The newly introduced stress model builds upon this foundation, enabling direct measurement of neuronal communication, synaptic strength, and long-term plasticity under controlled conditions. Importantly, it also allows for the simultaneous evaluation of therapeutic compounds, identifying which treatments can restore or protect brain function impaired by stress.
This represents a major step forward for the study of neurological disorders, where stress plays a contributing or exacerbating role. Beyond cognitive decline, chronic stress is implicated in anxiety, depression, and even metabolic and cardiovascular diseases. Having a reproducible human-relevant model will allow researchers to connect molecular changes to functional outcomes and speed up the identification of promising new interventions.
Advancing the Future of CNS Drug Discovery
Traditional central nervous system (CNS) drug development faces enormous challenges. Many candidate therapies fail in clinical trials because preclinical models—particularly animal ones—do not accurately represent human neurobiology. The Human-on-a-Chip model introduced by Hesperos and Bayer bridges this translational gap by offering a scalable, human-based approach to testing drug efficacy and safety in conditions that mimic real human stress responses.

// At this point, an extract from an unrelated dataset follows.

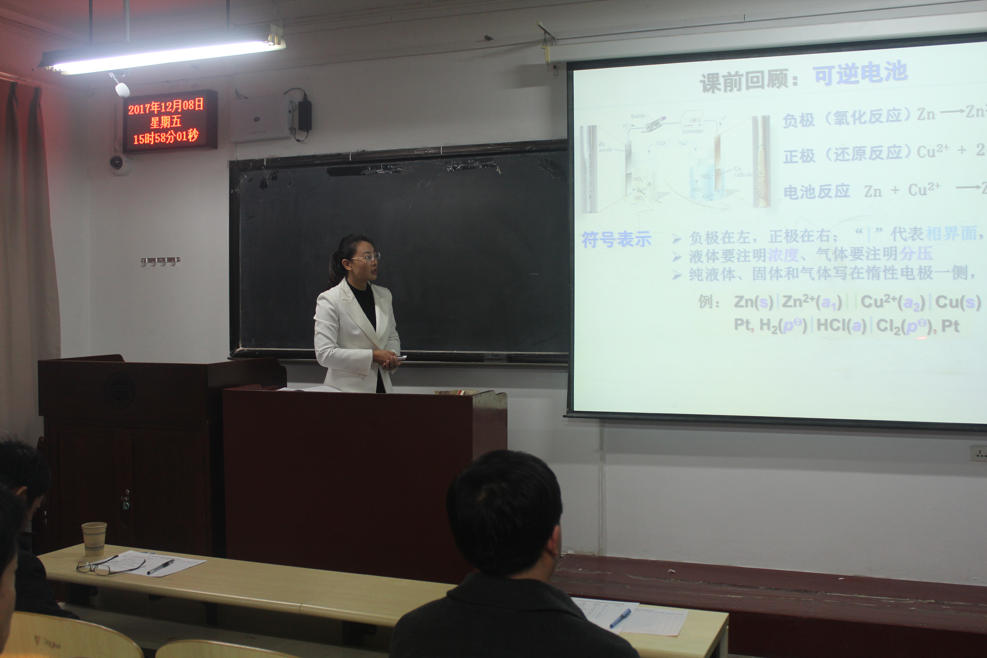 接下来,参赛的青年教师依次登上讲台,讲授《材料成型工艺学》、《复合材料》、《材料电化学》等材料类专业核心课程。青年老师思路清晰,环节紧凑,原理讲解和应用分析比较到位,展现了良好的课堂风采。评委老师从授课内容、语言表达、教学手段、仪表教态等方面对参赛选手进行多方面点评,一方面对青年教师的现场表现进行了充分的肯定,同时指出了部分老师在授课中依然存在很多不足,例如板书不规范、讲解不够深入、课堂节奏过快等问题,今后提升的空间依旧很大。

Moreover, by integrating AI-driven analytics and real-time electrical monitoring, these systems can quantify subtle changes in neural network activity that may go unnoticed in conventional assays. Such sensitivity could help uncover early biomarkers of cognitive decline and enable preemptive interventions for stress-related disorders.
“The implications of this model extend well beyond stress alone,” added Dr. Hickman. “It lays the groundwork for studying a variety of CNS disorders, from Alzheimer’s and Parkinson’s to traumatic brain injury and depression. With this level of human biological relevance, we can explore how environmental factors, lifestyle, and therapeutics interact to shape brain health.”
A New Era of Non-Animal Research
The development of this stress model marks another milestone in the global shift toward non-animal testing. Regulatory agencies, pharmaceutical companies, and consumer health organizations are increasingly prioritizing alternatives that offer greater accuracy and ethical responsibility. Hesperos’ microphysiological systems exemplify this transition, combining advanced biology, engineering, and data analytics to create platforms that better predict human outcomes.
As the first validated Human-on-a-Chip model to replicate stress-induced cognitive dysfunction, this study demonstrates how biotechnology and innovation can converge to improve mental health research while reducing reliance on animal testing. By bridging scientific rigor with sustainability, Hesperos and Bayer are paving the way for a new generation of human-relevant discovery tools that promise to revolutionize neuroscience and precision medicine.